# DATA SUPPLIED
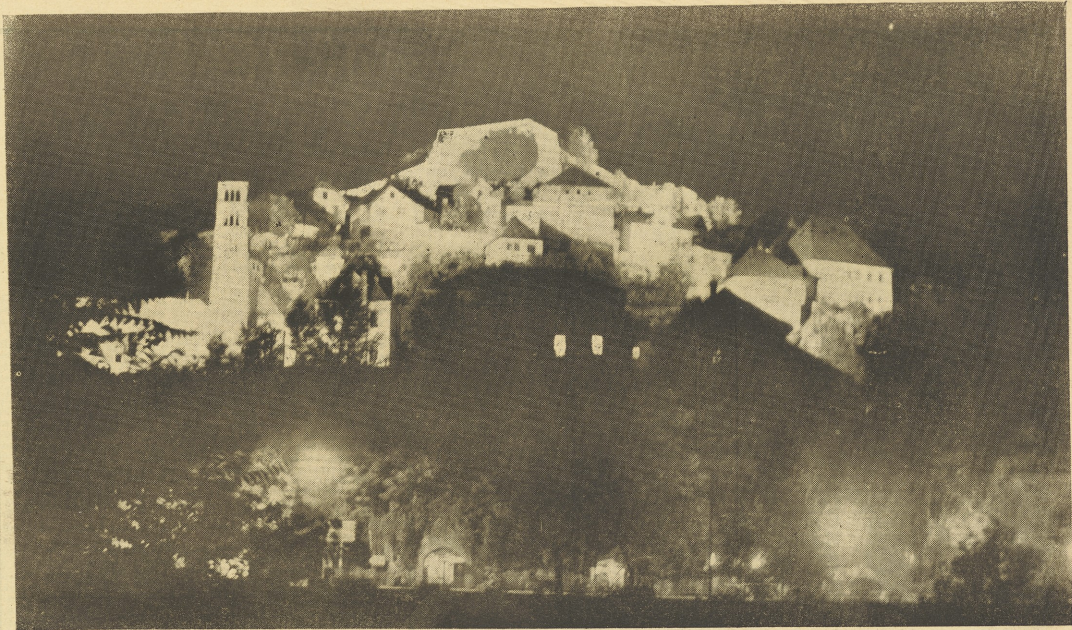
JA JCE OB DVA JSETI OBLETNICI LJUDSKE REVOLUCIJE
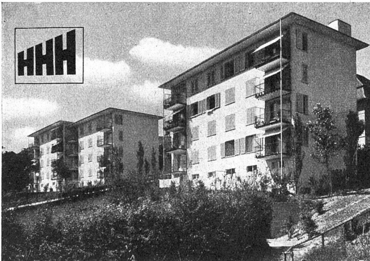
A. B. Z. Kolonie Oeristeig Architekten: Kellermüller & Hofmann

Eternitschiefer in den neuen eingebrannten, wetterfesten Farben ergeben schöne u. dauerhafte Bedachungen
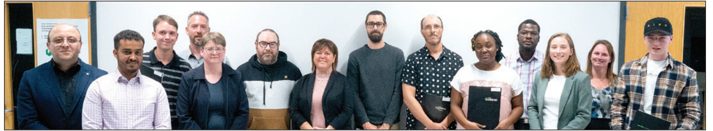
La formation continue du Cégep Garneau a remis récemment un diplôme à la première cohorte d'étudiants qui ont suivi la formation du programme spécialisé en cybersécurité.

(YG) La formation continue du Cégep Garneau a remis récemment un diplôme à la première cohorte d'étudiants qui ont suivi la formation du programme spécialisé en cybersécurité. Les 13 personnes formées possèdent maintenant des compétences à jour pour assurer la protection, la sécurité et l'intégrité de l'ensemble des actifs informatiques et informationnels de leur organisation. Un deuxième groupe débutera le 17 octobre prochain.
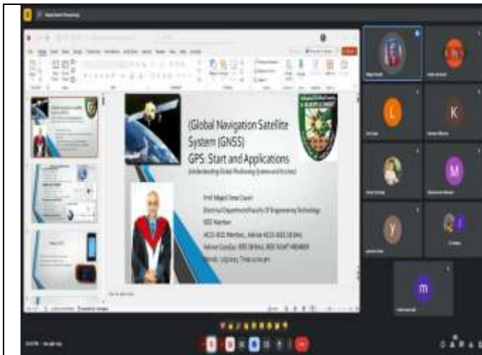
Training workshop on the Global Navigation Satellite System
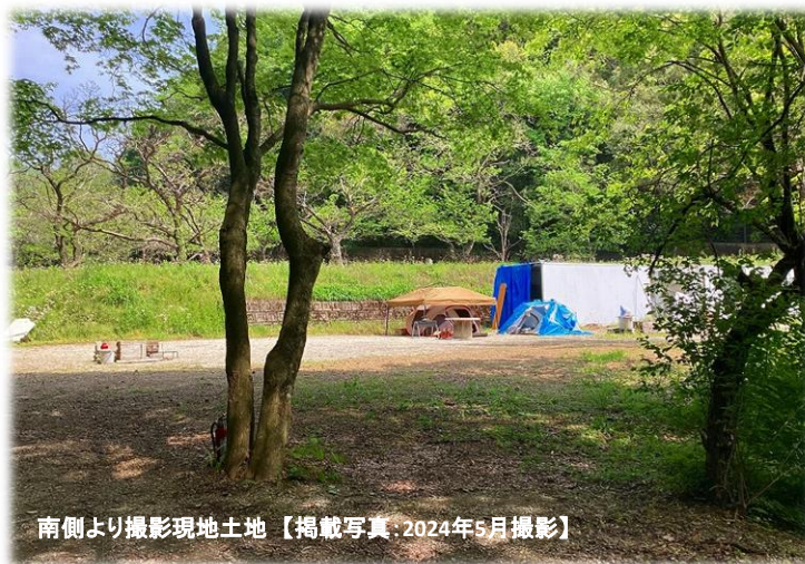
南側より撮影現地土地【掲載写真:2024年5月撮影】
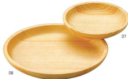
EX polymer EXポリマー塗装 白木・スタッキング 積重 20-212-07(38430) 口取皿 4,350円 約φ18×H3cm 20-212-08(38431) ディナー皿 6,800円 約φ27×H3.2cm ※EXポリマー塗装 > P22参照
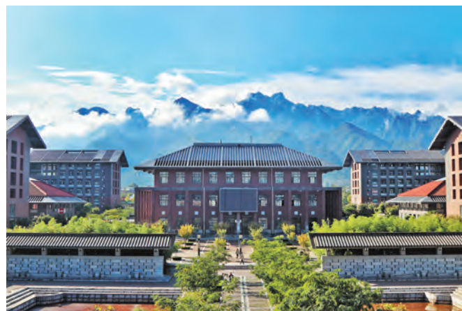
草堂校区南山书院

建设绿色生态校园。 成立节能工作领导小组,制定节能工作实施方案,通过两校区能源指标化管理、开展各类节能改造、提高师生节能意识等途径实现节能目标。学校成功承办全省教育系统节水工作会议并被西安市评为“节水型公共机构”,被陕西省节能协会评为“节能工作先进单位”,被陕西省机关事务服务中心推荐为全国“能效领跑者”示范单位。
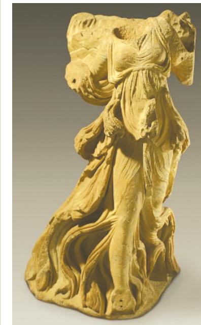
“古希腊人:运动员、战士和英雄——大英博物馆藏古希腊文物特展”展出的尼姬雕像。

新疆博物馆、新疆文物考古研究所、中国丝绸博物馆、甘肃简牍博物馆、旅顺博物馆、中国人民大学博物馆等多家收
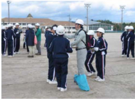
…ヘルメットの装着確認…
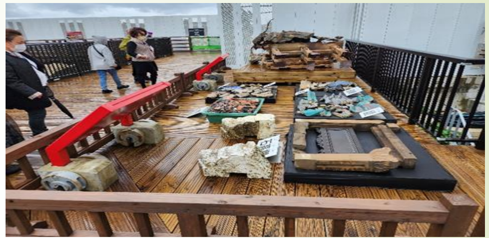
圖 2、首里城燒毀部分遺跡
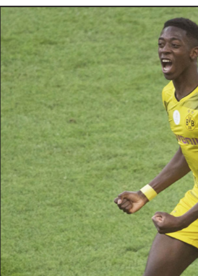
ديمبلي ما زال يثير الجدل مع دورتموند إلى حين انتقاله إلى برشلونة

■ برلين - د ب أ: نفى هانز يواخيم فاتزكه، الرئيس التنفيذي ليوروسيا دورتموند الألماني، التوصل إلى اتفاق نهائي لانتقال اللاعب عثمان ديمبلي إلى برشلونة، لكنه اعترف بأن حسم القرار بات وشيكا. وقال فاتزكه: «لا توجد اتفاقية نهائية، وسنرى كل الأمور». تجدر الإشارة إلى أن ديمبلي (20 عاما) موقوف في الوقت الحالي عن المشاركة مع دورتموند، بسبب تغيبه عن تدريبات الفريق بدون إذن مسبق، ويسعى برشلونة للتعاقد مع ديمبلي ضمن مساعيه لإيجاد الحل البديل، بعد رحيل النجم البرازيلي نيمار إلى باريس سان جيرمان. ونشرت تقارير، منها لصحيفتي «بيلد» الألمانية و«بليك» الفرنسية، أن صفقة ديمبلي حسمت. لكن فاتزكه قال إن «حسم القرار بات قريبا فقط. وسيكون أمرا جيدا أن نتكمن من توضيح الأمور قبل مطلع الأسبوع»، ويتردد أن دورتموند يطالب بالحصول على 130 مليون يورو نظير الاستغناء عن اللاعب، الذي انضم للفريق الصيف الماضي مقابل 15 مليون يورو.
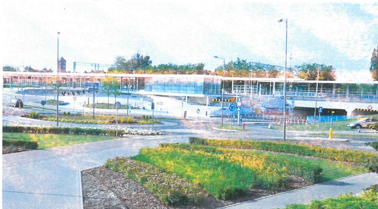
Zdjęcie udostępnione przez Beneficjenta przedstawiające POP i wiadukt.

W dniu 28.06.2016 r. ZK przeprowadził oględziny miejsca realizacji Projektu podczas których sporządzono dokumentację fotograficzną.
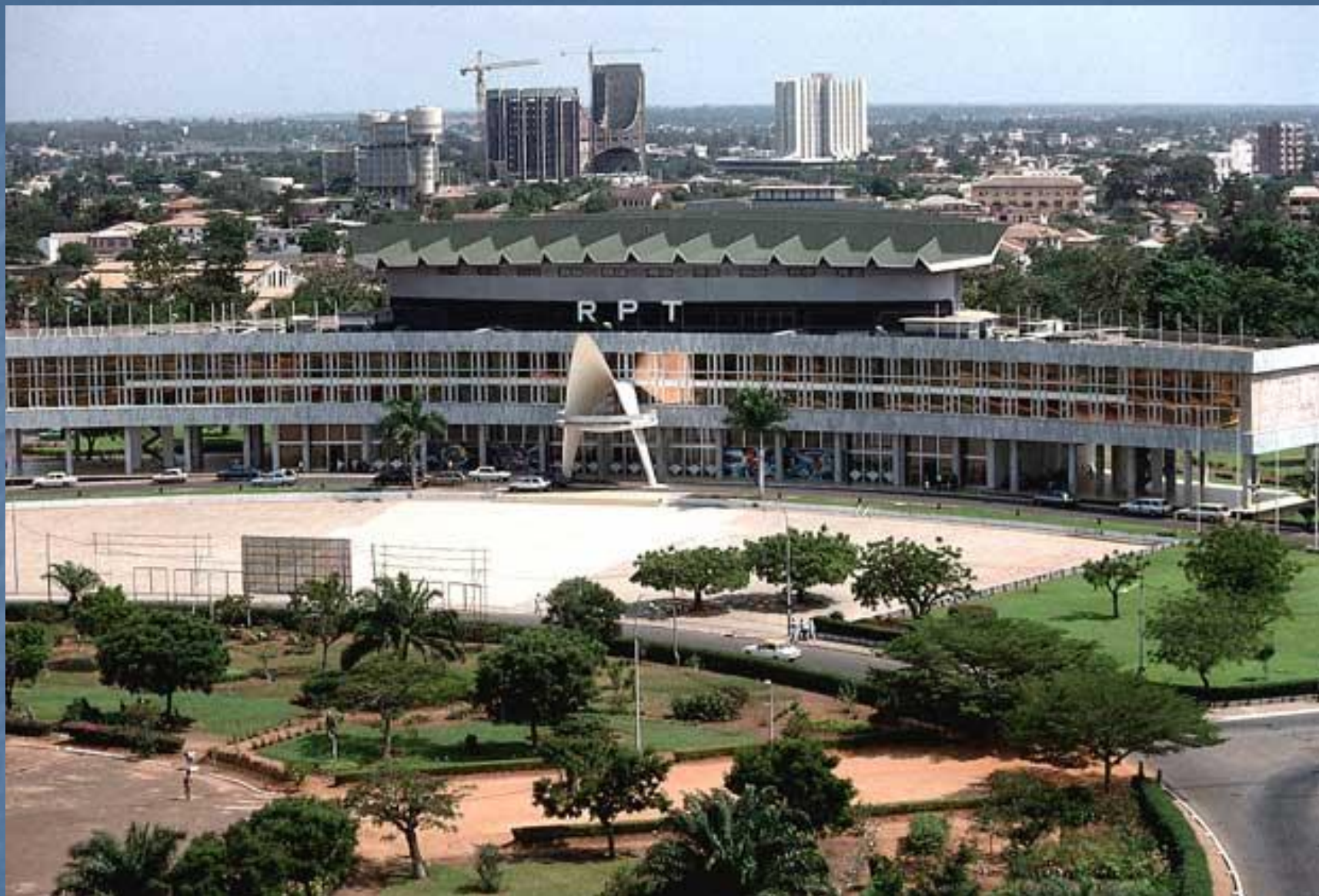
Ломе (столица Того): использование гофрированной конструкции
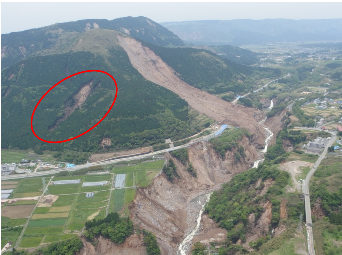
平成28年5月2日撮影画像

# INSTRUCTIONS TO FOLLOW
Exact copy, no pictures: reproduce the whole listing above.

# REPLY TO THE TASK
JA JCE OB DVA JSETI OBLETNICI LJUDSKE REVOLUCIJE
A. B. Z. Kolonie Oeristeig Architekten: Kellermüller & Hofmann

Eternitschiefer in den neuen eingebrannten, wetterfesten Farben ergeben schöne u. dauerhafte Bedachungen
La formation continue du Cégep Garneau a remis récemment un diplôme à la première cohorte d'étudiants qui ont suivi la formation du programme spécialisé en cybersécurité.

(YG) La formation continue du Cégep Garneau a remis récemment un diplôme à la première cohorte d'étudiants qui ont suivi la formation du programme spécialisé en cybersécurité. Les 13 personnes formées possèdent maintenant des compétences à jour pour assurer la protection, la sécurité et l'intégrité de l'ensemble des actifs informatiques et informationnels de leur organisation. Un deuxième groupe débutera le 17 octobre prochain.
Training workshop on the Global Navigation Satellite System
南側より撮影現地土地【掲載写真:2024年5月撮影】
EX polymer EXポリマー塗装 白木・スタッキング 積重 20-212-07(38430) 口取皿 4,350円 約φ18×H3cm 20-212-08(38431) ディナー皿 6,800円 約φ27×H3.2cm ※EXポリマー塗装 > P22参照
草堂校区南山书院

建设绿色生态校园。 成立节能工作领导小组,制定节能工作实施方案,通过两校区能源指标化管理、开展各类节能改造、提高师生节能意识等途径实现节能目标。学校成功承办全省教育系统节水工作会议并被西安市评为“节水型公共机构”,被陕西省节能协会评为“节能工作先进单位”,被陕西省机关事务服务中心推荐为全国“能效领跑者”示范单位。
“古希腊人:运动员、战士和英雄——大英博物馆藏古希腊文物特展”展出的尼姬雕像。

新疆博物馆、新疆文物考古研究所、中国丝绸博物馆、甘肃简牍博物馆、旅顺博物馆、中国人民大学博物馆等多家收
…ヘルメットの装着確認…
圖 2、首里城燒毀部分遺跡
ديمبلي ما زال يثير الجدل مع دورتموند إلى حين انتقاله إلى برشلونة

■ برلين - د ب أ: نفى هانز يواخيم فاتزكه، الرئيس التنفيذي ليوروسيا دورتموند الألماني، التوصل إلى اتفاق نهائي لانتقال اللاعب عثمان ديمبلي إلى برشلونة، لكنه اعترف بأن حسم القرار بات وشيكا. وقال فاتزكه: «لا توجد اتفاقية نهائية، وسنرى كل الأمور». تجدر الإشارة إلى أن ديمبلي (20 عاما) موقوف في الوقت الحالي عن المشاركة مع دورتموند، بسبب تغيبه عن تدريبات الفريق بدون إذن مسبق، ويسعى برشلونة للتعاقد مع ديمبلي ضمن مساعيه لإيجاد الحل البديل، بعد رحيل النجم البرازيلي نيمار إلى باريس سان جيرمان. ونشرت تقارير، منها لصحيفتي «بيلد» الألمانية و«بليك» الفرنسية، أن صفقة ديمبلي حسمت. لكن فاتزكه قال إن «حسم القرار بات قريبا فقط. وسيكون أمرا جيدا أن نتكمن من توضيح الأمور قبل مطلع الأسبوع»، ويتردد أن دورتموند يطالب بالحصول على 130 مليون يورو نظير الاستغناء عن اللاعب، الذي انضم للفريق الصيف الماضي مقابل 15 مليون يورو.
Zdjęcie udostępnione przez Beneficjenta przedstawiające POP i wiadukt.

W dniu 28.06.2016 r. ZK przeprowadził oględziny miejsca realizacji Projektu podczas których sporządzono dokumentację fotograficzną.
Ломе (столица Того): использование гофрированной конструкции
平成28年5月2日撮影画像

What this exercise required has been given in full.